Required work. Nothing but the lines from the top of the records through the line with "跨境亚马逊速卖通TEMU专供2025新款欧美女士敞开前空领纽扣毛秋" should be returned, exactly, and without pictures.

+++

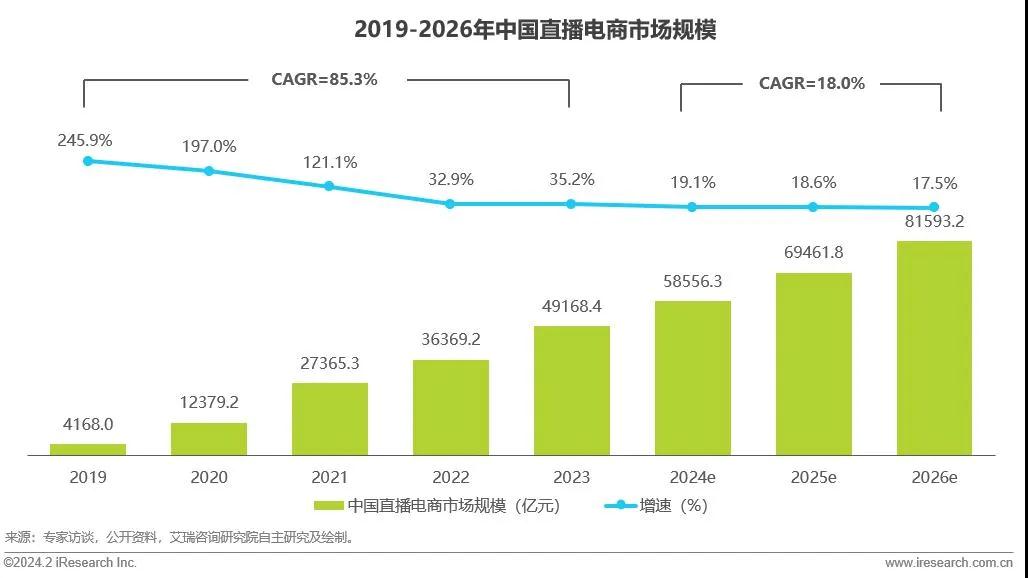 直播电商增速也从爆炸式的245.9%,逐渐下落至两位数,据艾瑞咨询预计,2024—2026年,其增速会稳定在18%左右。
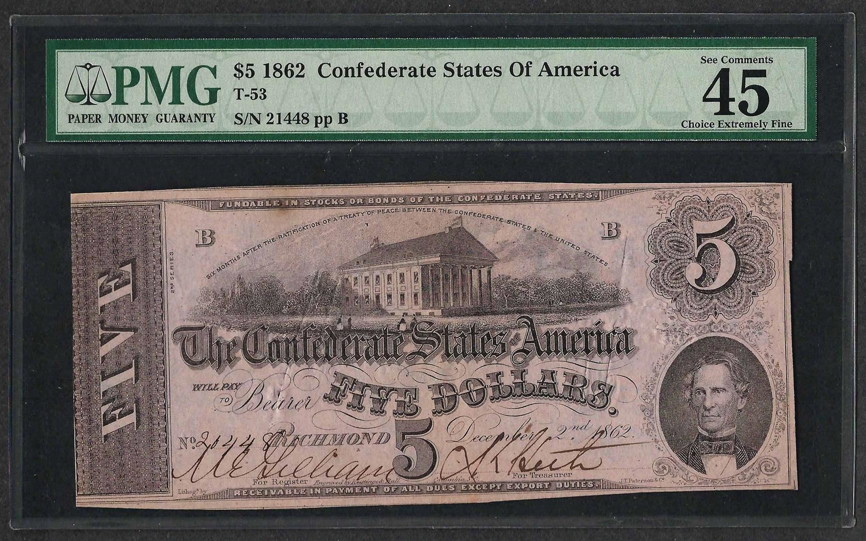 One 1862 $5 Confederate State of America Note T-53 PMG Choice Extremely Fine 45. PMG Certified.
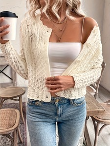 跨境亚马逊速卖通TEMU专供2025新款欧美女士敞开前空领纽扣毛秋
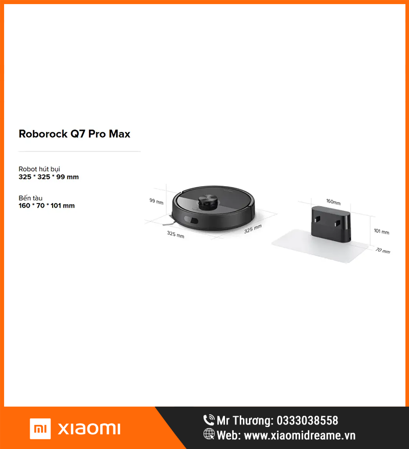 Theo trang Q7 Series của Roborock, Q7 Pro Max có kích thước khoảng 325 x 325 x 99 mm, phù hợp với kiểu thiết kế robot hút bụi tròn truyền thống, gọn gàng và dễ di chuyển trong hầu hết không gian gia đình. Dock sạc bản thường có kích thước khoảng 160 x 70 x 101 mm, giúp tiết kiệm diện tích đặt máy.
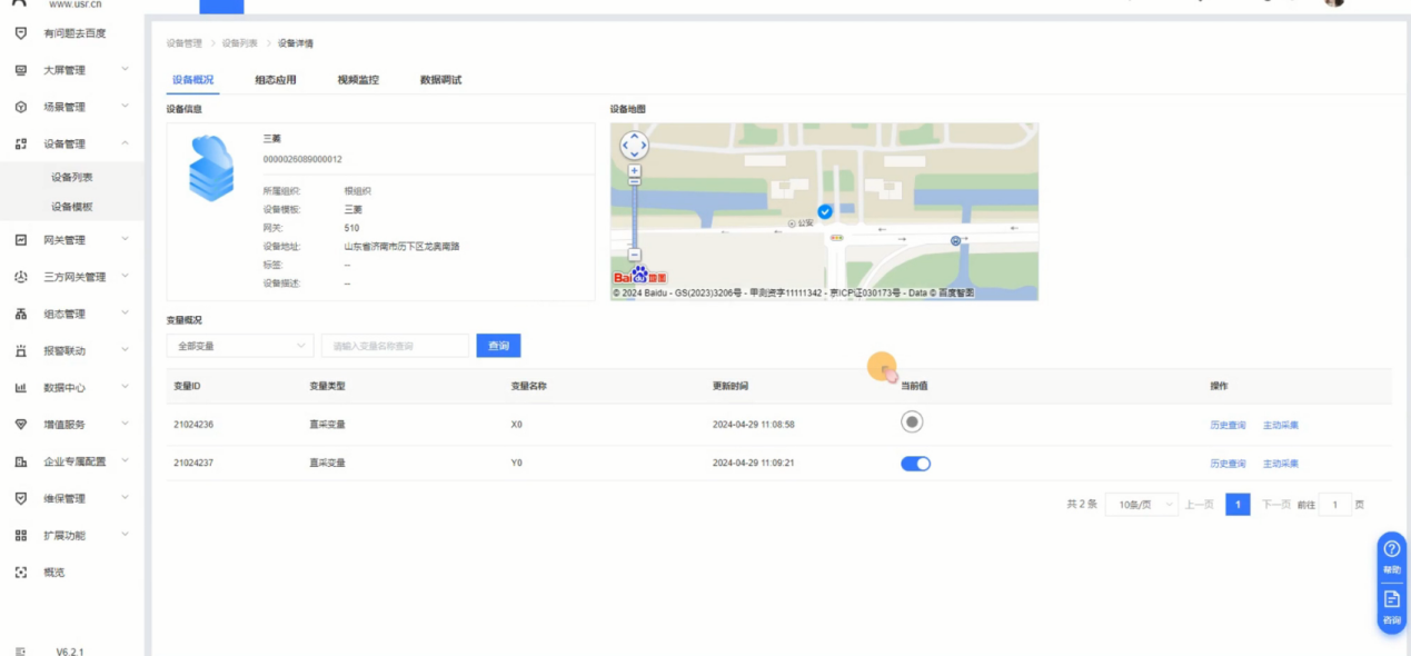1、平臺正常讀取數據后,進行透傳操作(組態步驟可參考另一篇案例:PLCNET510連接三菱串口plc有人云組態數據)

+++

Exercise response.
 直播电商增速也从爆炸式的245.9%,逐渐下落至两位数,据艾瑞咨询预计,2024—2026年,其增速会稳定在18%左右。
 One 1862 $5 Confederate State of America Note T-53 PMG Choice Extremely Fine 45. PMG Certified.
 跨境亚马逊速卖通TEMU专供2025新款欧美女士敞开前空领纽扣毛秋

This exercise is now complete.